Read about both options in BATCH API reference.
When creating a new batch collection, one has to be careful to:
- Make sure that
"cogOutput"=true
- Make sure the evalscript returns only single-band outputs
- Keep
sampleType
in mind, as the values the evalscript returns when creating a collection will be the values available when making a request to access it
Regardless of whether the user specifies an existing collection or requests a new one, processed data will still upload to the users S3 bucket, where they will be available for download and analysis.
Processing results
The outputs of a batch processing will be stored to your object storage in either GeoTIFF (and JSON for metadata) or in Zarr format.
GeoTIFF output format
GeoTIFF format will be used if your request contains the output
field. An example of a batch request with GeoTIFF
output is available here.
By default, the results will be organized in sub-folders where one sub-folder will be created for each tile. Each sub-folder might contain one or more images depending on how many outputs were defined in the evalscript of the request. For example:
You can also customize the sub-folder structure and file naming as described in the defaultTilePath
parameter
under output
in BATCH API reference .
You can choose to return your GeoTIFF files as Cloud Optimized GeoTIFF (COG), by setting the cogOutput
parameter under output
in your request as true
. Several advanced COG options can be selected as well - read about the parameter in BATCH API reference.

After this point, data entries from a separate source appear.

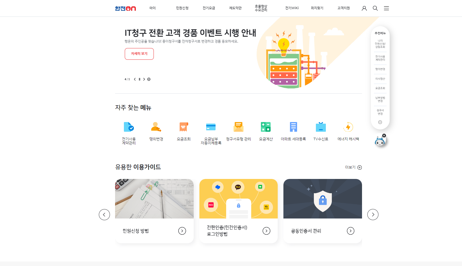 한국전력공사(KEPCO)에서 제공하는 전기요금 조회·납부, 전기사용 관련 신청접수 및 정보조회 등의 모바일 서비스를 위한 어플리케이션
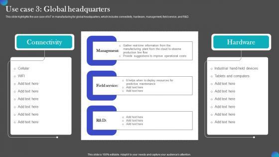 This slide highlights the use case of IoT in manufacturing for global headquarters, which includes connectivity, hardware, management, field service, and R and D. Take your projects to the next level with our ultimate collection of Use Case 3 Global Headquarters IOT Adoption Manufacturing Summary PDF. Slidegeeks has designed a range of layouts that are perfect for representing task or activity duration, keeping track of all your deadlines at a glance. Tailor these designs to your exact needs and give them a truly corporate look with your own brand colors they will make your projects stand out from the rest This slide highlights the use case of IoT in manufacturing for global headquarters, which includes connectivity, hardware, management, field service, and RandD.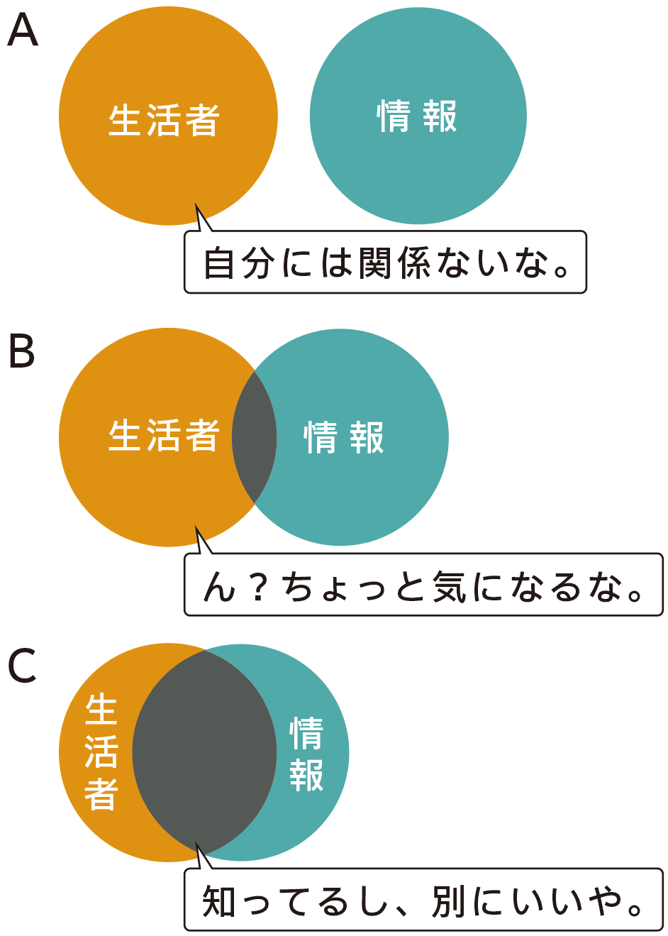 スポーツでも広告でも恋愛でも、何かを始めるときはまず相手を知ることから始めるのが基本。今回のターゲットは普通に生活をしている人、です。そんな人たちが周囲の情報とどんな風に接しているのかを簡単に図式化してみました。

The results of batch processing will be in the projection of the selected tiling grid. For UTM-based grids, each part of the AOI (area of interest) is delivered in the UTM zone with which it intersects. In other words, in case your AOI intersects with more UTM zones, the results will be delivered as tiles in different UTM zones (and thus different CRSs).
Zarr output format
Zarr format will be used if your request contains the zarrOutput
field. An example of a batch request with Zarr output is available here. Your request must only have one band per output and the application/json
format in responses is not supported.
The outputs of batch processing will be stored as a single Zarr group containing one data array for each evalscript output and multiple coordinate arrays. By default, the Zarr will be stored in the folder you pass to the batch processing api in the path
parameter under zarrOutput
(see BATCH API reference). The folder must not contain any existing Zarr files. We recommend using a placeholder <requestId>
as explained in the API reference to keep the results of your processing better organized.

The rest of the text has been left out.